Materials and Methods
Multiple adults and embryonic bones of the dinosaur Lufengosaurus (Lower Jurassic strata near Dawa, Lufeng County, Chuxiong Prefectural Museum, catalog no. C2019 2A233) and Yimenosaurus (Lower Jurassic strata near Jiaojiadian, Yimen County, Jilin University Museum, catalog no. JLUM TY-501 and JLUM TY-502) were collected and analyzed by coupled plasma optical emission spectrometer (ICP-OES) and inductively coupled plasma mass spectrometry (ICP-MS) (Rogers et al., 2010; Fassett et al., 2012). We used the same type of bone in all cases, focusing on the femur of embryos and femur fragments in the adults. Adult and embryonic bone cortex were dissolved and used in ICP-MS analyses in order to get a good average REE as well as P concentration for each bone. Since fossil bone can be very heterogeneous in nature, REE concentration could vary significantly in various parts of the individual fossil bone. It is, therefore, preferable to get an average measure of a particular region of the bone in both the adult and embryo, as done here, rather than through spot measurements, as used in LA-ICP-MS analysis, even if statistically sound numbers of spots were tested (Herwartz et al., 2011, 2013).

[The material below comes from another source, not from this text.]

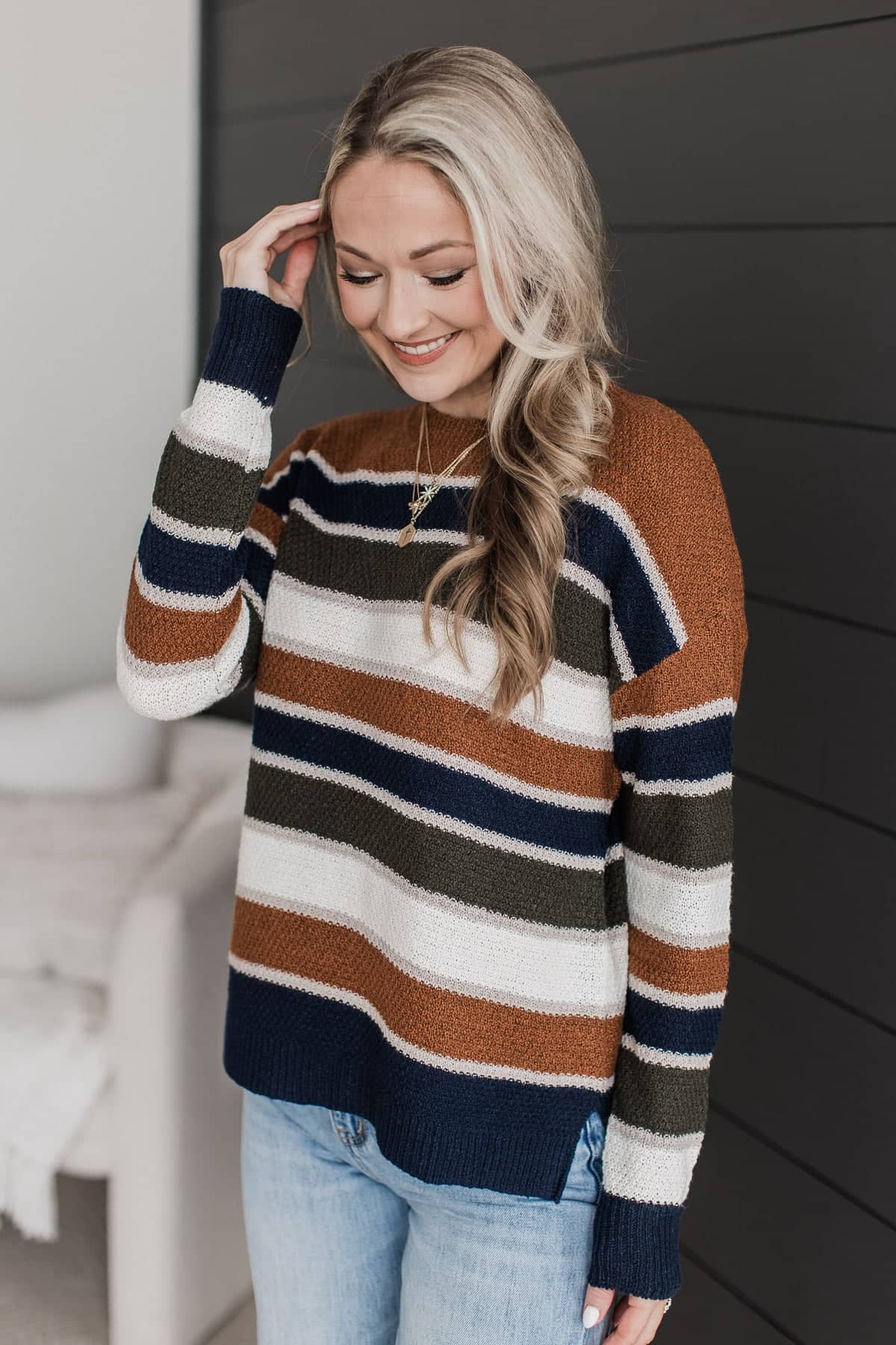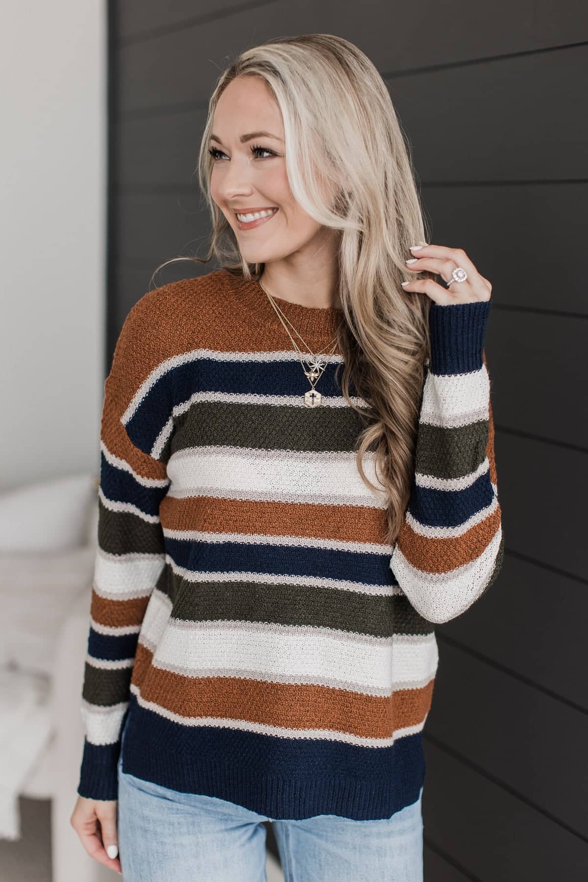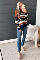 This striped sweater is such a comfy and chic staple piece for your Fall and Winter wardrobe! Pair with jeans and booties.
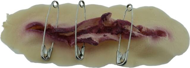 Prothèse d'épingle de sûreté qui est épouvantablement géniale! Prothèse en latex de fausse chair dotée d'une entaille sanglante maintenue à l'aide de 3 épingles de sûreté

Lufengosaurus embryonic and adult material were collected from the same site near the village of Dawa, Lufeng County, in 2010. Yimenosaurus embryonic and adult bones were collected in January of 2018, from near the Jianjiadian village, including a big femur fragment together with fragmentary embryonic bones. We are confident of the fetal status of the embryonic bones, based on their level of ossification and ontogenetic stage, rather than being perinatal or neonatal (Reisz et al., 2012, 2013). The materials used for this study were within the mid-range of the embryonic ontogenetic series. Secondly, the embryonic bone of Yimenosaurus that we identified and used in this study was also at roughly the same ontogenetic stage as the embryonic bones of Lufengosaurus that we used, all consistent with embryonic stages of these Sauropodomorpha dinosaurs and those of the in-ovo embryonic materials of a similar Sauropodomorpha the South African Massospondylus (Reisz et al., 2012).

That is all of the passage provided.